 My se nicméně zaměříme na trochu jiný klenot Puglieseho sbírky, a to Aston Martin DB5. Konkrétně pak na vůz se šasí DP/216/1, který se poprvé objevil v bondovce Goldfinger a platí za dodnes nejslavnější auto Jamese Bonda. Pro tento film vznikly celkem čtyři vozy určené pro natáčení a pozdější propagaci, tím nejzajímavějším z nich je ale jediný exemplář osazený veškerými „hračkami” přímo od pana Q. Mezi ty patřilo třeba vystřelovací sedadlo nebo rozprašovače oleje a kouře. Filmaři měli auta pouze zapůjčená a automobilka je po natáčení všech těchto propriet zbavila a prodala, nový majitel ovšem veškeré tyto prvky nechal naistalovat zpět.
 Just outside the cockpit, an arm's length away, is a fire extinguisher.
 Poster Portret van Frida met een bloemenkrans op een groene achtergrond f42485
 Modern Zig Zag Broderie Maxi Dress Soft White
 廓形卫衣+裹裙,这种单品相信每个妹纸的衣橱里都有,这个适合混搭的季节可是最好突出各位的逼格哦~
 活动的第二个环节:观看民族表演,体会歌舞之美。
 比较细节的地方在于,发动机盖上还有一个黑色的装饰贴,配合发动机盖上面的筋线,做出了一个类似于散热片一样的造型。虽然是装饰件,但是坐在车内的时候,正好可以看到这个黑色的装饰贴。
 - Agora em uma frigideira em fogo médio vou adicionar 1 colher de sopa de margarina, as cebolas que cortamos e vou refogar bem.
==========
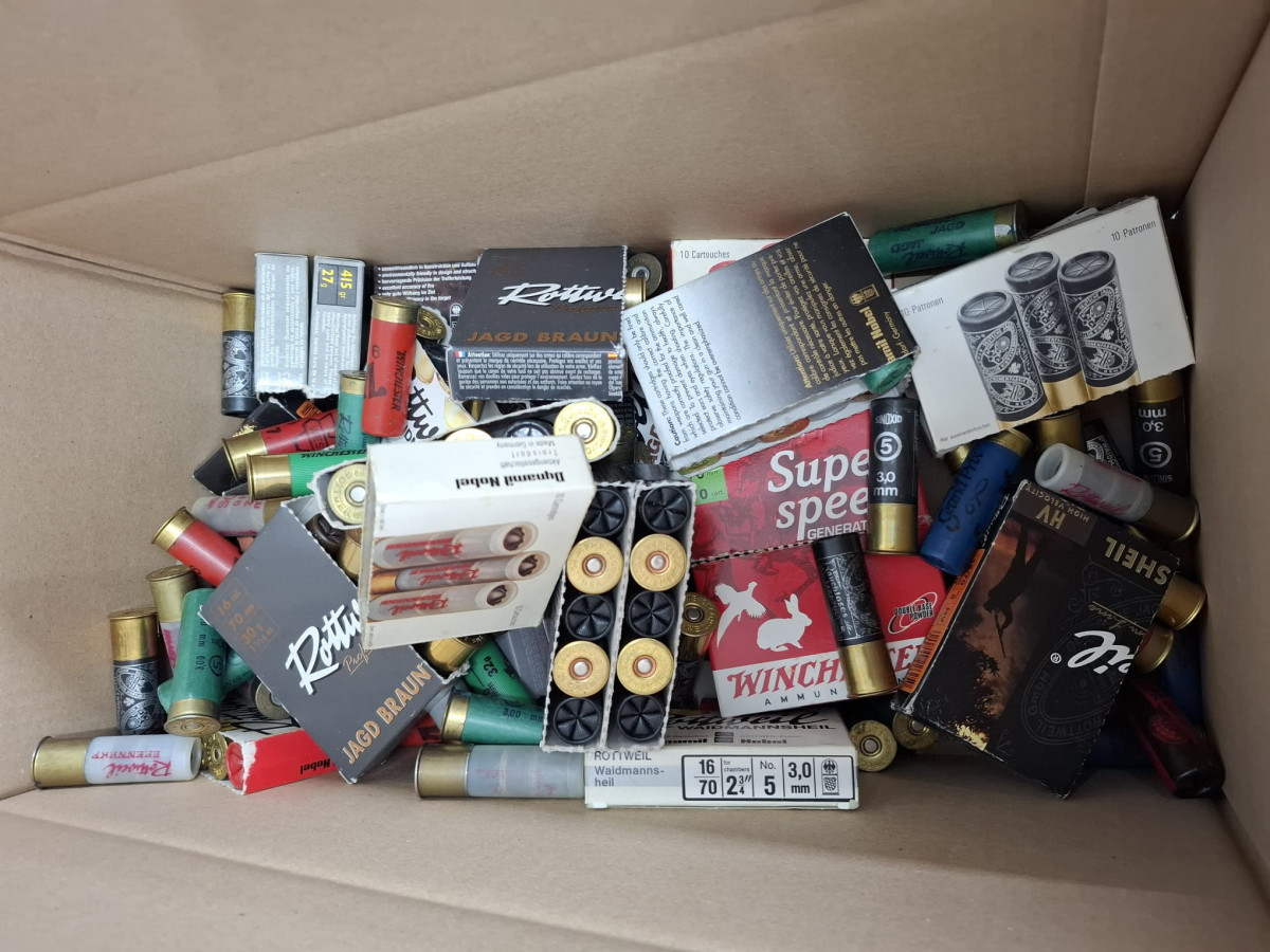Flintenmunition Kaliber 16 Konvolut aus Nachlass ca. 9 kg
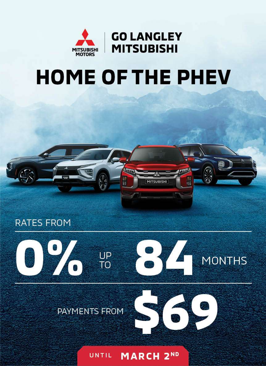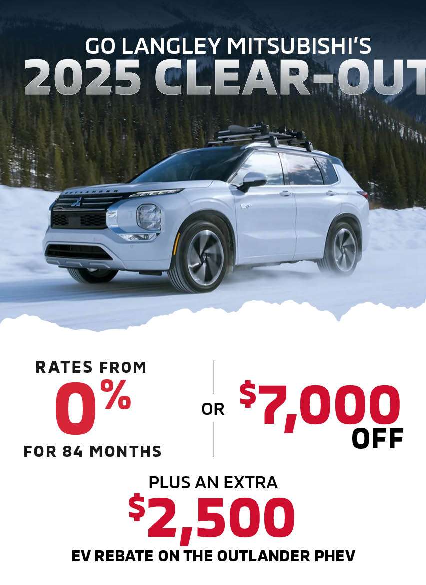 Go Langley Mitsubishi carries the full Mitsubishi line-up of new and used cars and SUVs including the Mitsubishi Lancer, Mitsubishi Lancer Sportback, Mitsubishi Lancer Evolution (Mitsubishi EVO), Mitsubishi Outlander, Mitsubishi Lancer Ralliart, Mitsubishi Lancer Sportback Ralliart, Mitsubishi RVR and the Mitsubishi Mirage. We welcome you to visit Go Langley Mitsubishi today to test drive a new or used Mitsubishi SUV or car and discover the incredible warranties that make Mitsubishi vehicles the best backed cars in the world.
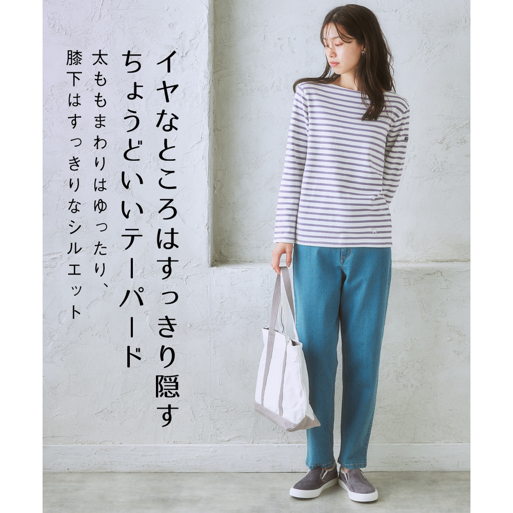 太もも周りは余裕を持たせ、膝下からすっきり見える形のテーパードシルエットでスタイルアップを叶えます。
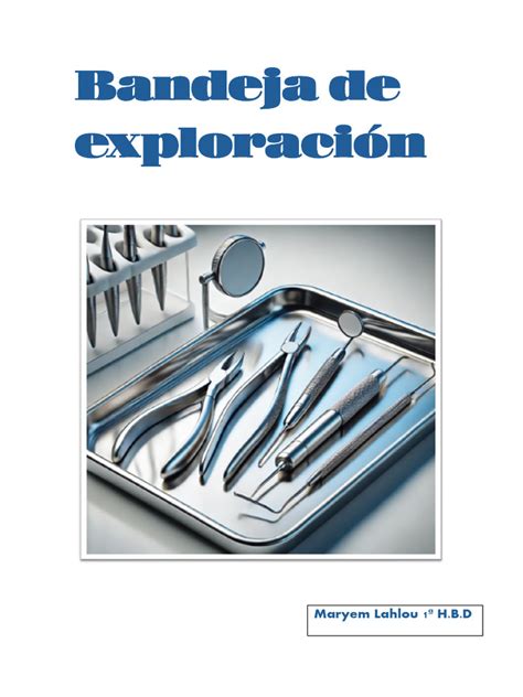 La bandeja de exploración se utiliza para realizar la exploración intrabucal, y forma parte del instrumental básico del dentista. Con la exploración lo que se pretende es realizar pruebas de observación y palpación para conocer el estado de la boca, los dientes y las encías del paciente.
==========
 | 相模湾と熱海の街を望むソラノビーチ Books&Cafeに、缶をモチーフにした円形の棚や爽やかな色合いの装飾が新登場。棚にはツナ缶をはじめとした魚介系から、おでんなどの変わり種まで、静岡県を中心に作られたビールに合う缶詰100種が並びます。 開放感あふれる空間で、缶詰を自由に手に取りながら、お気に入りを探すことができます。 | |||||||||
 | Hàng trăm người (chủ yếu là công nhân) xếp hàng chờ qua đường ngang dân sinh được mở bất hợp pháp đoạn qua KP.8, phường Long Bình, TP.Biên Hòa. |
==========
• About this exercise:
Reproduce exactly the section above that begins at the line containing "比较细节的地方在于,发动机盖" and ends at the line containing "- Agora em uma", leaving out all other lines.

• Expected answer:
 比较细节的地方在于,发动机盖上还有一个黑色的装饰贴,配合发动机盖上面的筋线,做出了一个类似于散热片一样的造型。虽然是装饰件,但是坐在车内的时候,正好可以看到这个黑色的装饰贴。
 - Agora em uma frigideira em fogo médio vou adicionar 1 colher de sopa de margarina, as cebolas que cortamos e vou refogar bem.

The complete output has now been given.